Та была похожа на сорокалетнюю Бритни Спирс, которая закончила курсы бухгалтеров, здорово потолстела и никогда не была в шоу-бизнесе. Во всяком случае, кожа у нее на лице больше говорила о внезапном приходе весны, когда под лучами солнца ровный до этого снег становится пористым и блестящим, нежели о кропотливой заботе кудесников макияжа. Короткая и кокетливая прическа «под целочку», как определил ее для себя Филиппов, состояла из обесцвеченных в гепатитную желтизну не самых густых на свете волос.
Польщенная его вниманием, суррогатная поп-принцесса вынула из уха наушник своего телефона и улыбнулась.
– Что, простите?
– Я спрашиваю – куда летим?
Лицо суррогата в розовом стало слегка беспомощным. Для нее это был не совсем тот вопрос, который она ожидала услышать после двух с лишним часов полета. Она вполне могла рассчитывать на что-нибудь вроде «Вам нравятся горные лыжи?», или на любую другую чушь, которой обычно пользуются мужчины, чтобы завязать разговор, но услышала она именно это.
– Куда мы летим?
Филиппов с очень серьезным видом смотрел ей в лицо, судя по всему, ожидая ответа. Розовый мозг сорока-с-чем-то-летней принцессы ощутил подвох и напрягся. Следы этого напряжения заметно проступили у нее на лбу в районе бровей. Она думала.
– В каком смысле – куда? На Север… В ваш родной город.
Теперь пришла очередь Филиппова напрягаться.
– В мой город?
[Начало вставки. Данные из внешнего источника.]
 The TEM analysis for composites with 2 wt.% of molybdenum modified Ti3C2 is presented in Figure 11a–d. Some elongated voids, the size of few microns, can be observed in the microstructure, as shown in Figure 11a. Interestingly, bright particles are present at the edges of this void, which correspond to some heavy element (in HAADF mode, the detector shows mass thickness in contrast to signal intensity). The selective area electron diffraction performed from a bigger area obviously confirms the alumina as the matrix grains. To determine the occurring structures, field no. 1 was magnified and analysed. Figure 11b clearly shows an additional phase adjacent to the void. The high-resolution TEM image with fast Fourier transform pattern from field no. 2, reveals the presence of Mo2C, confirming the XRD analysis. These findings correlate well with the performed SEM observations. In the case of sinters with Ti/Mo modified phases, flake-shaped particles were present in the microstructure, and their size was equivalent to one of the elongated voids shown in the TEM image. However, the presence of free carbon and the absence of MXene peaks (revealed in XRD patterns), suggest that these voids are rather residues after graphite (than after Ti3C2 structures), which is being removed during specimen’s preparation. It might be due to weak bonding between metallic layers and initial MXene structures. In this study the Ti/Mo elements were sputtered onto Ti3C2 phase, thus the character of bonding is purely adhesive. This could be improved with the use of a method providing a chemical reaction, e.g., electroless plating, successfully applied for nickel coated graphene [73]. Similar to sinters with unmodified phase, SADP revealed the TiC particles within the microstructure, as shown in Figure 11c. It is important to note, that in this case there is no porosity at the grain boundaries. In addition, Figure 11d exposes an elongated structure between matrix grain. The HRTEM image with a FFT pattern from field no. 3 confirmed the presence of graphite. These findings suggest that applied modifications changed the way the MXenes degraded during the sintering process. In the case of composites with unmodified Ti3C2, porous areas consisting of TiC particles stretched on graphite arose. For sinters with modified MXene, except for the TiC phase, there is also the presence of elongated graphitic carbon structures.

А ты знаешь, где я родился?
– Конечно. Вы же сами сказали.
Филиппов тоже нахмурил брови, хмыкнул, потер лоб, а потом с подозрением уставился на соседку.
– Когда?
– В аэропорту. Еще перед вылетом.
Она вынула наушник из второго уха и выключила музыку в своем телефоне.
– А мы разве знакомы? – недоверчиво спросил Филиппов.
– Ну да… Я – Зина. Вы что, не помните?
Она удивленно смотрела на него, пытаясь понять – шутит он или говорит серьезно.
– Нет, – покачал он головой. – Я вообще ничего не помню. У меня обморок был сейчас в туалете. И, кажется, я там ударился головой. Я даже не помню, кто я.
Принцесса Зина перестала дышать. В ее розовой, обесцвеченной перекисью водорода жизни, возможно, происходили драматические события, но случай Филиппова был явно круче всего.
– Как не помните? – наконец проговорила она. – Совсем?
– Абсолютно, – Филиппов пожал плечами. – Кто я?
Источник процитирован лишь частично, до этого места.